━━━━━ Dataset excerpts ━━━━━

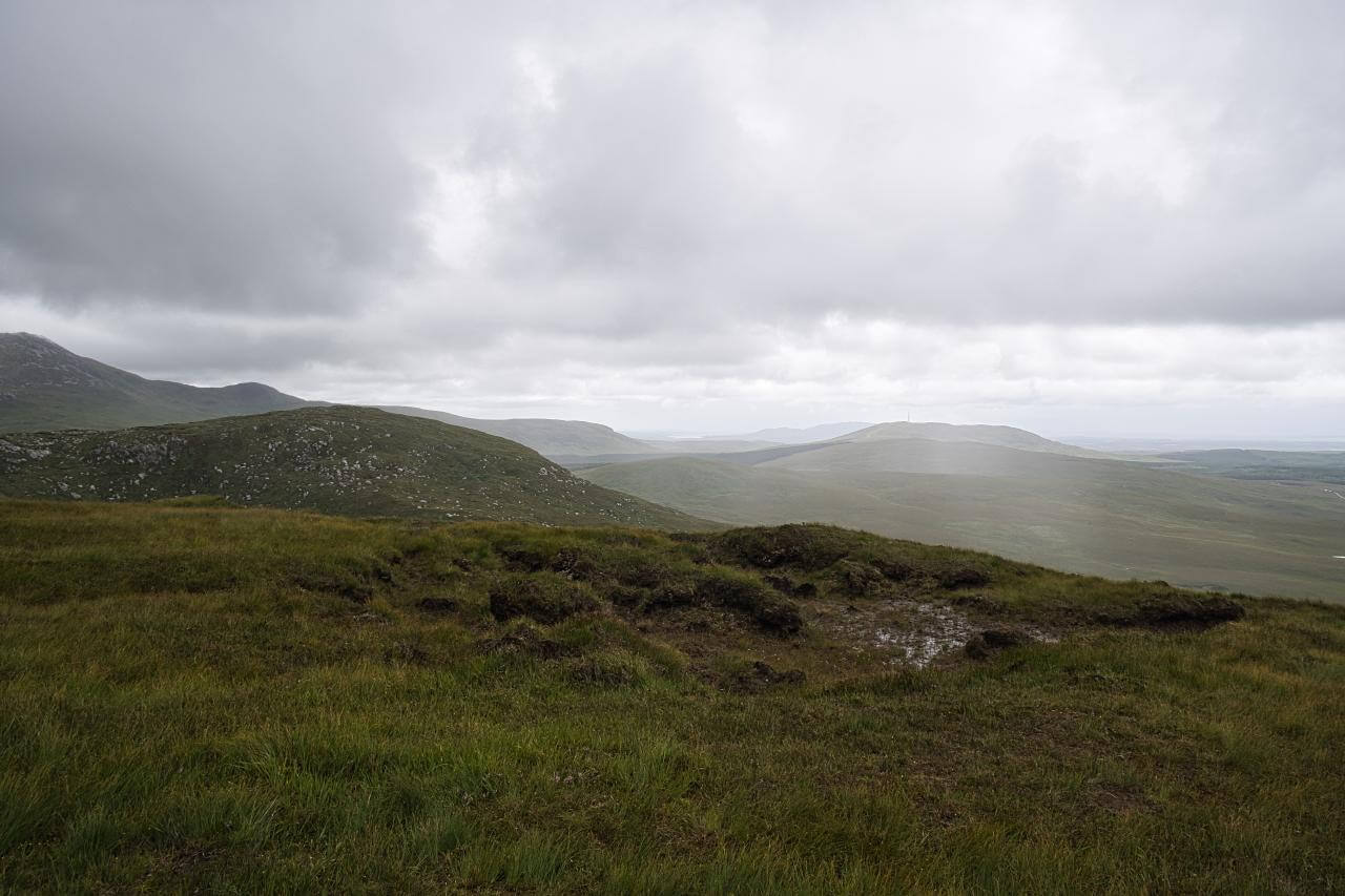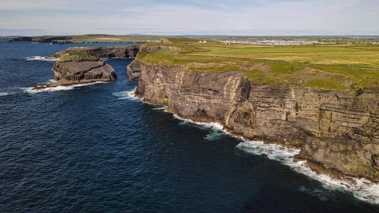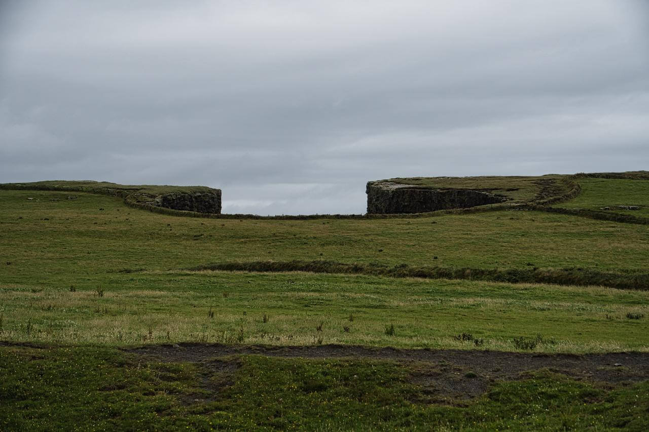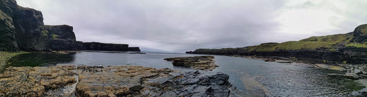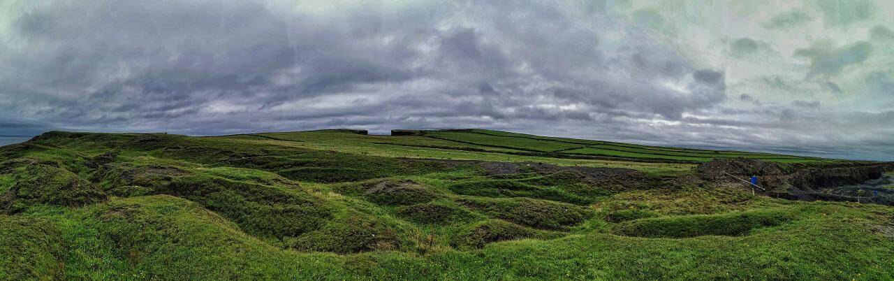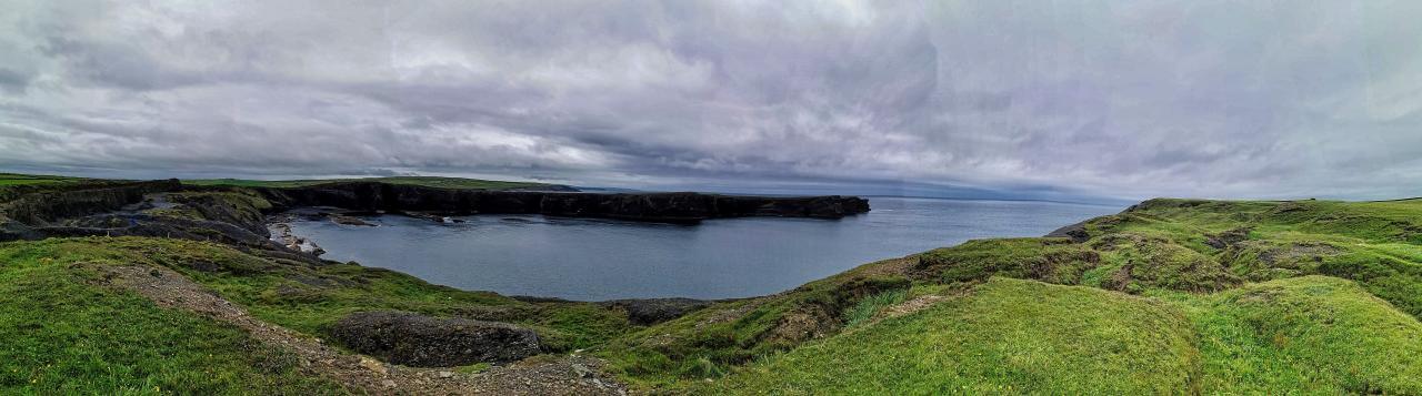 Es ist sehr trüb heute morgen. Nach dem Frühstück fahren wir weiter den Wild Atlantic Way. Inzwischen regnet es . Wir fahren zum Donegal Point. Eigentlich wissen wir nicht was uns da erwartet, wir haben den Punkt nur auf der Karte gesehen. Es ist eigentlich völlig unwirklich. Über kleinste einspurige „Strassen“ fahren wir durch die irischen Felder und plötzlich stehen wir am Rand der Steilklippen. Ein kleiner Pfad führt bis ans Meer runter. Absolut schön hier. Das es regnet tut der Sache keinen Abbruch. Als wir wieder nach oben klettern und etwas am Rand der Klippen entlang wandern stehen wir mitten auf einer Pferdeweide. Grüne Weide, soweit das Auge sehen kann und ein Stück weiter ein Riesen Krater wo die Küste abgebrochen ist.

━━━━━
━━━━━ Dataset excerpts ━━━━━

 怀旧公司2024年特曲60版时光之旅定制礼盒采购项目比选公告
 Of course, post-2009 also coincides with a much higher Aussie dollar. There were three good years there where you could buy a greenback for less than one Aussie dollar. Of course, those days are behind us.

━━━━━
━━━━━ Dataset excerpts ━━━━━

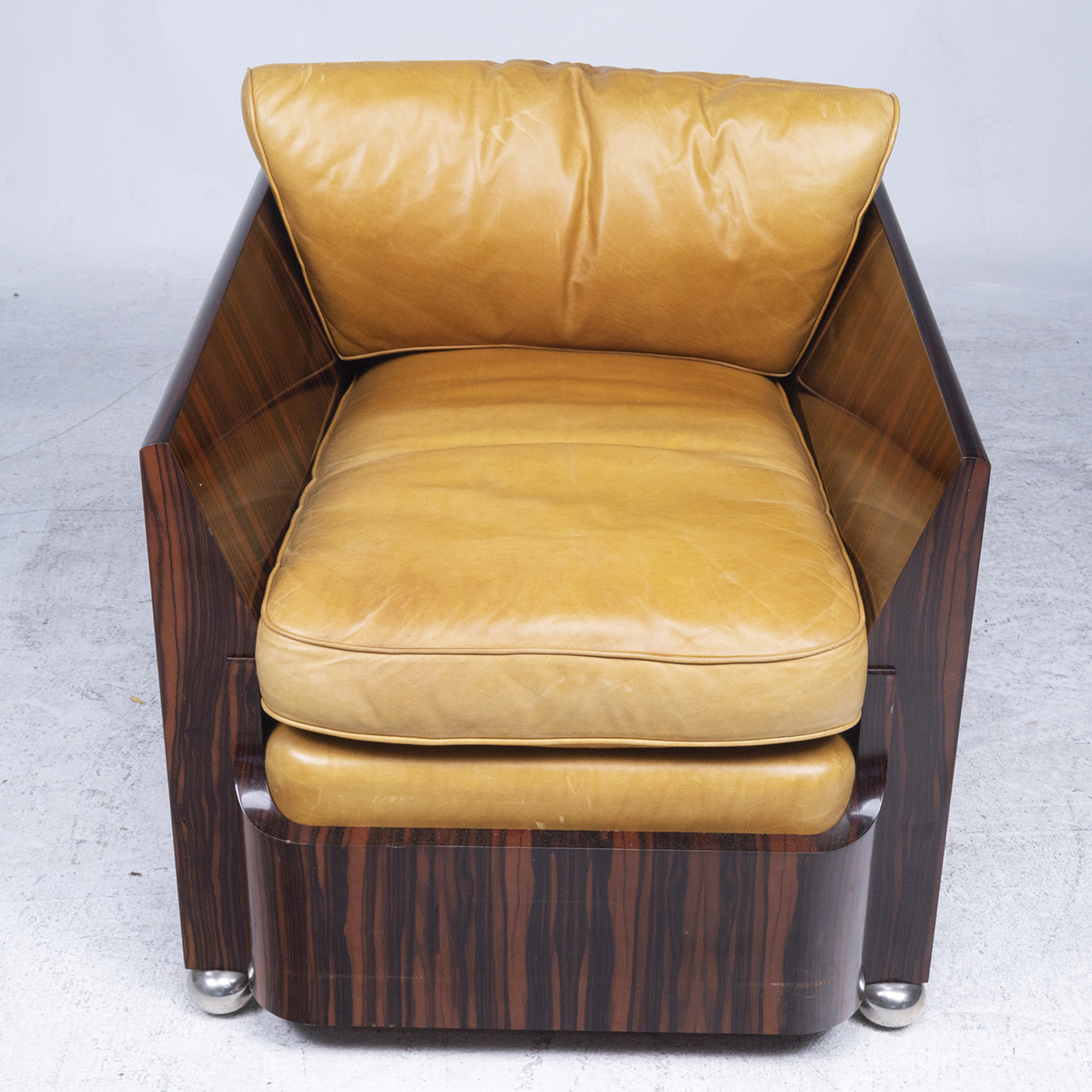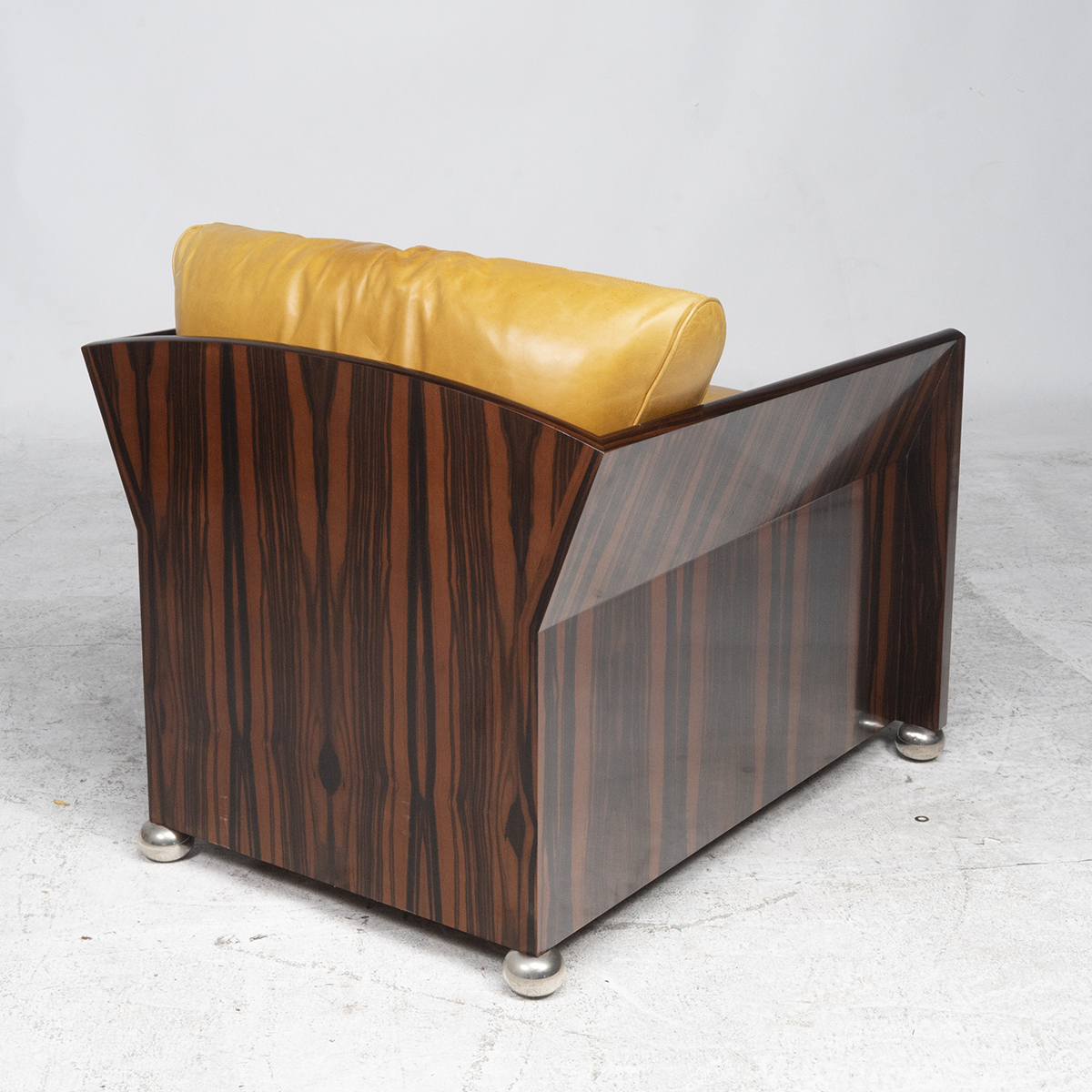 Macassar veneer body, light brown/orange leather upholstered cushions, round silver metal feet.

━━━━━

Problem description –
Using the entries above, repeat only the lines from the one containing "怀旧公司2024年特曲60版时光之旅定制礼盒采购项目比选公告" through the one containing "Of course, post-2009", end lines included.

Result –
 怀旧公司2024年特曲60版时光之旅定制礼盒采购项目比选公告
 Of course, post-2009 also coincides with a much higher Aussie dollar. There were three good years there where you could buy a greenback for less than one Aussie dollar. Of course, those days are behind us.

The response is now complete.